Everything from the line with "Legacy media, by" down to the line with "10月20日,食品学院、特种" below must be printed exactly, those two lines included. Exclude pictures.

___ RECORDS SUPPLIED ___

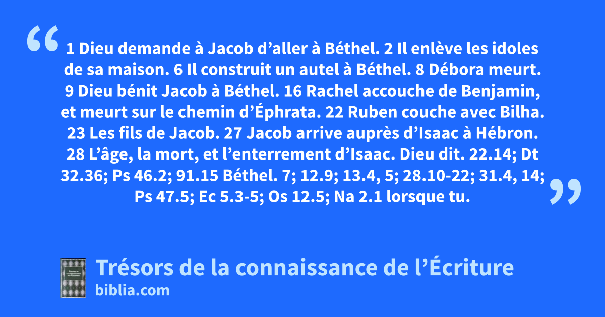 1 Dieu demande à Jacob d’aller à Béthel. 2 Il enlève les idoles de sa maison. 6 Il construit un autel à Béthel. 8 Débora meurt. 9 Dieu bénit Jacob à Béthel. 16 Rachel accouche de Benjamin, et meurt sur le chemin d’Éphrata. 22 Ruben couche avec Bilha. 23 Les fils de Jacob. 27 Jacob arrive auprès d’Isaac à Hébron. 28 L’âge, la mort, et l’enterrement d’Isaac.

___
___ RECORDS SUPPLIED ___

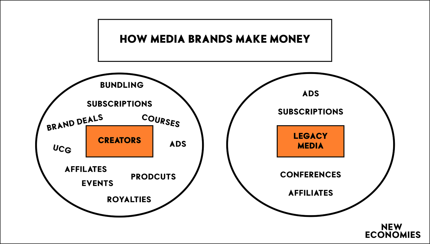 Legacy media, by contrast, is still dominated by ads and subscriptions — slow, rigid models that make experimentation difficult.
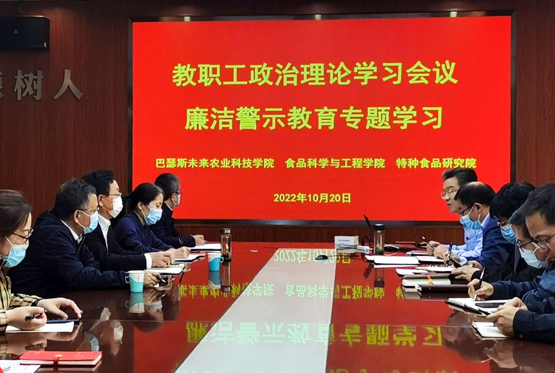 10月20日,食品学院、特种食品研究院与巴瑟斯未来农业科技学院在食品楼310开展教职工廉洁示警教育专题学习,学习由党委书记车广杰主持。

___
___ RECORDS SUPPLIED ___

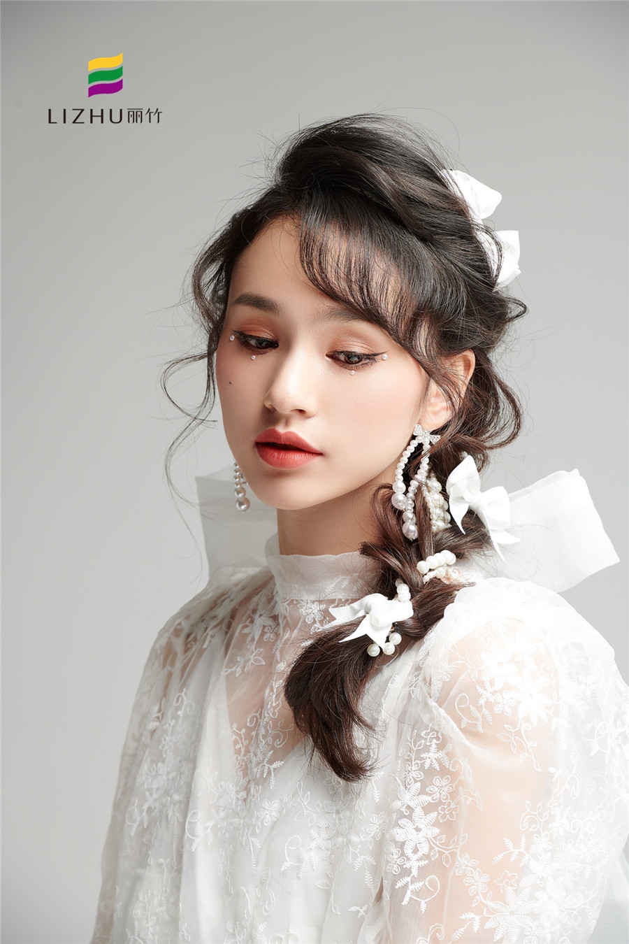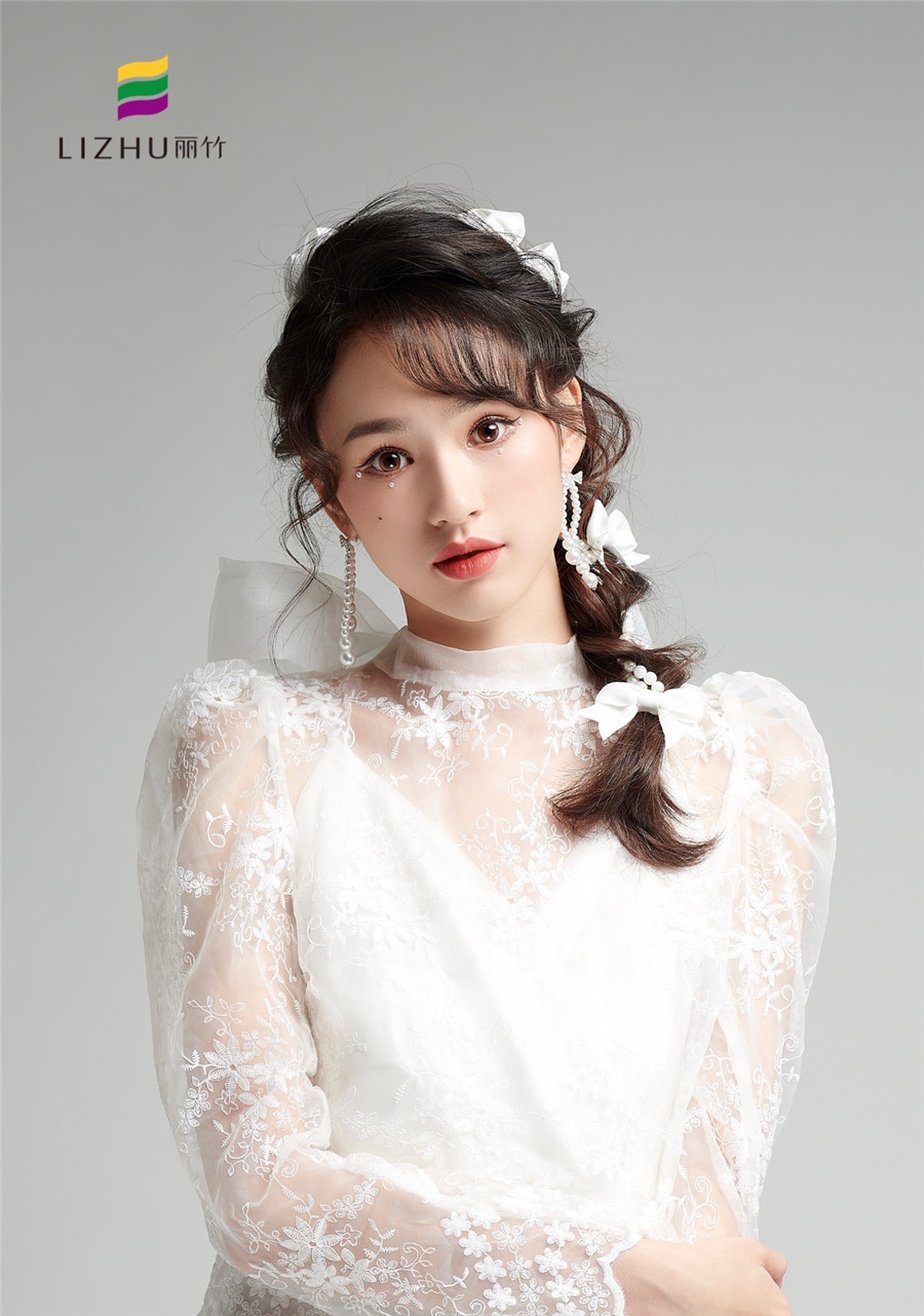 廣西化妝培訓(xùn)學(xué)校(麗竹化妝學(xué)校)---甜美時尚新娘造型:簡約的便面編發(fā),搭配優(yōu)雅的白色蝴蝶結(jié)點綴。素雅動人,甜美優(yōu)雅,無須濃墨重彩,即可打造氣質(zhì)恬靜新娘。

___

FINISHED EXERCISE ▸
 Legacy media, by contrast, is still dominated by ads and subscriptions — slow, rigid models that make experimentation difficult.
 10月20日,食品学院、特种食品研究院与巴瑟斯未来农业科技学院在食品楼310开展教职工廉洁示警教育专题学习,学习由党委书记车广杰主持。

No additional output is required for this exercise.